Additionally, notice that the movement on the nodes on the top-right and left are negligible. Why? Because the howclose applies a low strength when pushing these nodes towards the data points.

How will our BMU move? Naturally, it will be dragged almost to the top of our data point:

Updating BMU— Image by Author

Based on the coordinates we've obtain on the Updated Value table above, let's view our "new" SOM:

New Nodes in the SOM – Image by Author

The purple nodes are the updated "SOM" nodes. Our self organizing map is trying to mimic the underlying data points by adjusting itself based on the random point we chose. Let's see what happens in the 3 dimensional view:

New Nodes in the SOM – 3D View – Image by Author

Notice that our SOM moved a bit when we compare it with the original random network and the new black and dashed lines represent the new weights of the nodes.

Original Random SOM – 3D View – Image by Author

Our SOM will do this process for all the data points available in the dataset (adjust itself for each pass). Remembering each step:

  • Calculate the BMU (best matching unit) using a distance metric.
  • Calculate the kernel around the BMU to know how to pull other nodes in the SOM toward the data point.
  • Pull the nodes using a combination of strength, learning rate and direction.
  • Move to the next point and repeat.

Just like other neural networks model, the number of epochs in a SOM is another hyperparameter we need to define. An epoch consists of a single pass through the entire dataset.

Learning 5: The SOM will continue to adjust itself until it reaches the number of epochs defined by the user.

In Python, we can use the minisom package to train a Self-Organizing-Map:

from minisom import MiniSom

som = MiniSom(
 2, 2, 2, sigma=1, 
 learning_rate=1, neighborhood_function='gaussian', random_seed=42)
 som.train(X, 100)

The parameters of the Minisom function are the following:

  • The first three numbers represent the dimensions of the SOM: number of nodes in the x-axis, number of nodes in y-axis, and number of variables.
  • Sigma contains the starting standard deviation.
  • Then we have the starting learning rate of the algorithm (in this case, set to 1).
  • neighborhood_function defines the gaussian kernel for our neighborhood.
  • random_seed ensures reproducibility of our SOM.

After fitting and training this SOM (for 100 epochs, as specified in the som.train function) where will the nodes end?
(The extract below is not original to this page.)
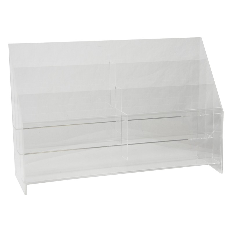 - PREMIUM PAMPHLET STAND: Clear-Ad MPF-8511-6 is a part of the premium range of clear acrylic office accessories manufactured by Clear-Ad. This listing is for a three tiered, 6 pocket brochure stand.
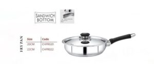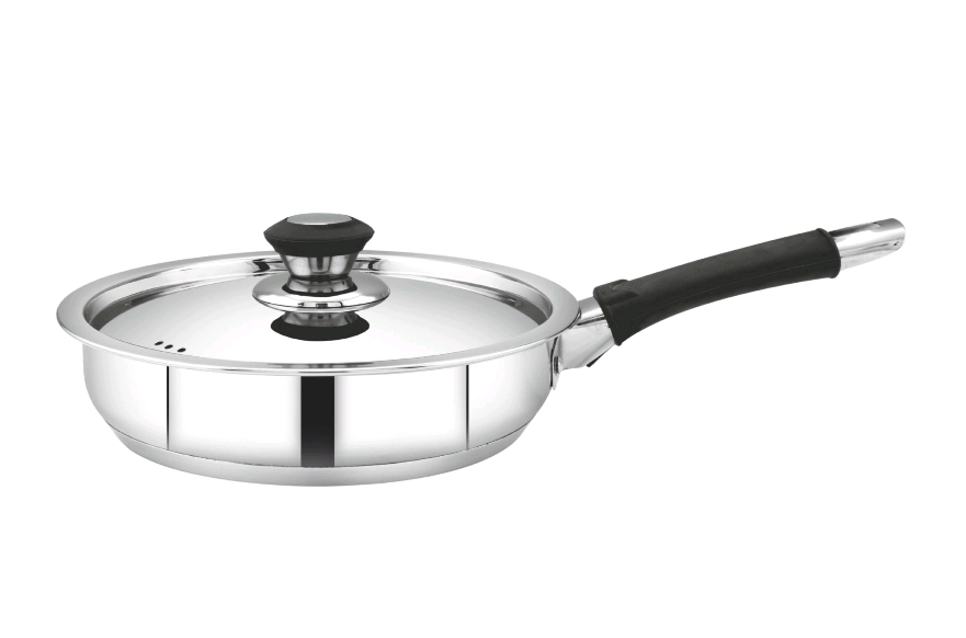 Mahaa Chroma stainless steel fry pan with a lid.ย

Let's see:

nodes = som.get_weights().reshape(4, 2)
 plt.scatter(nodes[:,0], nodes[:,1], c='purple', s=400, edgecolor='black')
 plt.show()
Trained SOM – Image by Author

Notice that our SOM tried to mimic the underlying data points as best as it could!

Although you may think that this is very similar to k-means, let's see the result from fitting a 4 centroid k-means solution on this dataset:

Notice that the node in the top right corner was drawn toward the outlier in this k-means solution. The fact that the nodes are tied to each other in the SOM using the neighboring function, is one of the main features of the algoritm, preventing nodes from being drawn away by outliers.

Ok, cool! We've had a nice introduction to SOMs, let's now see an application of SOM with real data!


Applying SOM to real data

For this part of the blog post, I'll use a dataset with information about S&P 500 companies:

financial_valuation_data = pd.read_csv('/data/constituents-financials_csv.csv')

Here are the top 5 rows of the dataframe:

financial_valuation_data top 5 rows – Image by Author

In this dataset, we can see the following columns:

  • Symbol: Ticker of the company.
  • Name: Name of the company.
  • Sector: Sector of the company.
  • Price: Current stock price of the company (as of 31st Dec 2014).
  • Price/Earnings: Ratio between price of the stock and earning-per-share.
  • Earnings/Share: Amount of earnings per each share for the company.
  • 52 Week Low: Minimum stock price in the last year.
  • 52 Week High: Maximum stock price in the last year.
  • Market Cap: Total value of the company, equals to the price of each share times the number of shares.
  • EBITDA: Earnings before interest, depreciation and amortization.
  • Price/Sales: Price divided by the revenue per share.
  • Price/Book: Financial valuation metric that divides the Price by the Book value of the company (assets-liabilities).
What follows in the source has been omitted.